I've added parenthesis around the barcode pattern. This says "remember this pattern, I'm going to use it later". Then I use \1 in the replacement pattern which corresponds to whatever text was matched in the parenthesis in the search, followed by the pipe character (which I have to escape because it normally means "or" in a regular expression and I want it to actually mean | here).

So that should fix that but there were a few other problems. The notes section sometimes had quotes around them and I didn't want that. I didn't want to remove any quotes that were inside the notes, just the ones that might be around the whole notes section. That was pretty easy too:

Search: ^(ISG\d+\| )"(.+)"$
Replace: \1\2

This says "find everything up to the first quote character and remember it in pattern 1. Then match the everything up to the quote before the end of the line and remember it in pattern 2. Replace all that with what is in pattern 1 and pattern 2. Since the quotes were not in the patterns that were remembered, they get dropped.
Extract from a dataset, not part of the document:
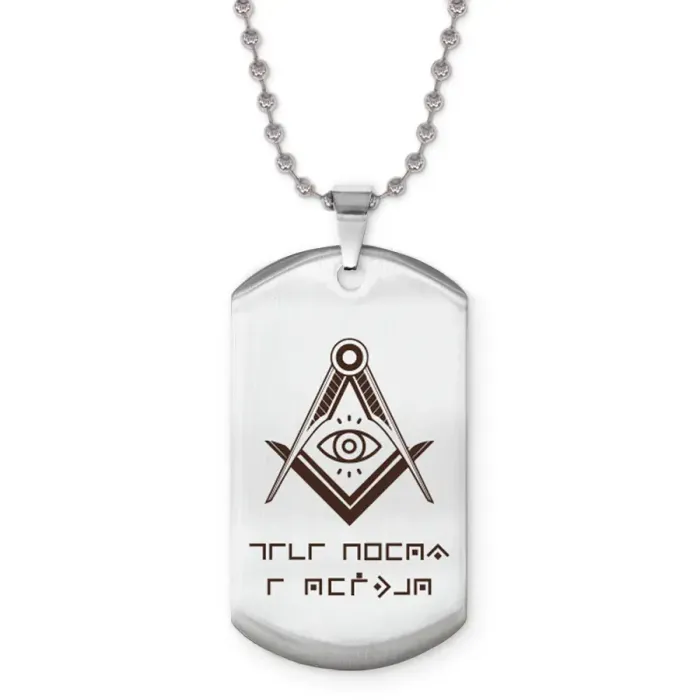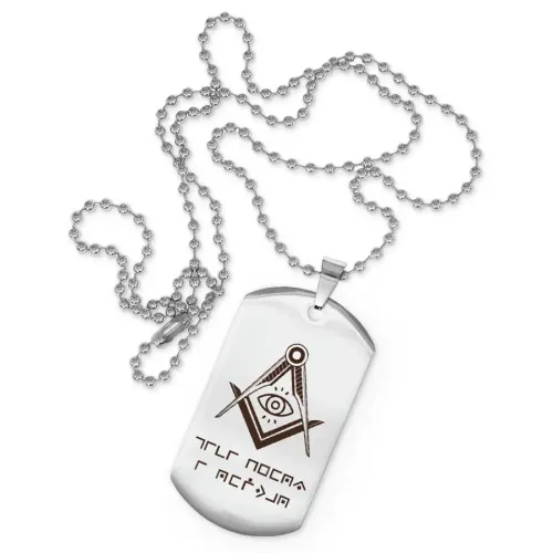 Жетон на цепочке с гравировкой «Живи здесь и сейчас». Материал — полированная нержавеющая сталь.

The last problem was tougher. It turned out that some of the notes actually contained multiple entries. So the notes section might look like this for some lines:

ISGxxx | 10-24-2009 10:2:23 This is note 1 11-2-2009 9:3:13 This is note 2...

I really needed to separate those multiple notes into separate lines for the same barcode. I won't go into the pattern that I built that let me do that. Suffice it to say that it was rather complex. It probably took me about 30 minutes to figure out the patterns that I needed but it probably saved me about 3 hours of tedious, error prone, hand-editing of that 5000 line file. Fun stuff.